A charitable organization should not compensate internal or external fundraisers based on a commission or a percentage of the amount raised.
Compensation for fundraising activities should reflect the skill, effort, and time expended by the individual or firm on behalf of the charitable organization. Many professional associations of fundraisers prohibit their members from accepting payment for fundraising activities based on a percentage of the amount of charitable income raised or expected to be raised. Basing compensation on a percentage of the money raised can encourage fundraisers to put their own interests ahead of those of the organization or the donor and may lead to inappropriate techniques that jeopardize the organization’s values and reputation and the donor’s trust in the organization. Percentage-based compensation may also lead to payments that could be regarded by legal authorities or perceived by the public as “excessive compensation” compared to the actual work conducted. Percentage-based compensation may also be skewed by unexpected or unsolicited gifts received by the charitable organization through no effort of the fundraiser. A similar logic applies to employees. Some charitable organizations choose to provide bonuses to employees for exceptional work in fundraising, administrative, or program activities. If so, the criteria for such bonuses should be clearly based on the quality of the work performed, rather than on a percentage of the funds raised.

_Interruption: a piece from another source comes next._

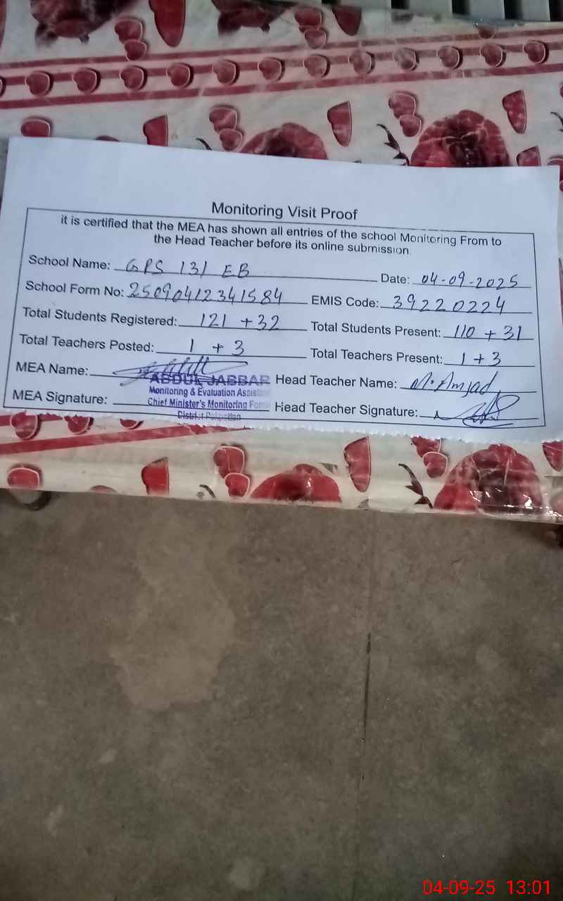 | EMIS Code: 39220224 | Name of School: GPS 131 EB P.O SAME | |||
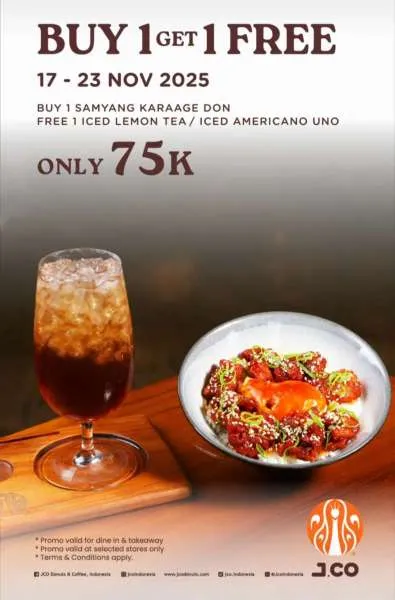 Selain itu, di J.CO juga ada promo Buy 1 Get 1 Free berupa Samyang Karaage Don mulai 17-23 November 2025 saja. Anda bisa mendapatkannya di store J.CO tertentu saja.

Some online and mobile fundraising platforms and credit card providers charge charitable organizations transaction fees for processing donations that is often based on a percentage of the donation or transaction, but these fees should not be viewed or treated as fundraising compensation. Charitable organizations should ensure that the fees are reasonable and comparable to those charged similar organizations and businesses, whether they are applied to contributions or payments for services.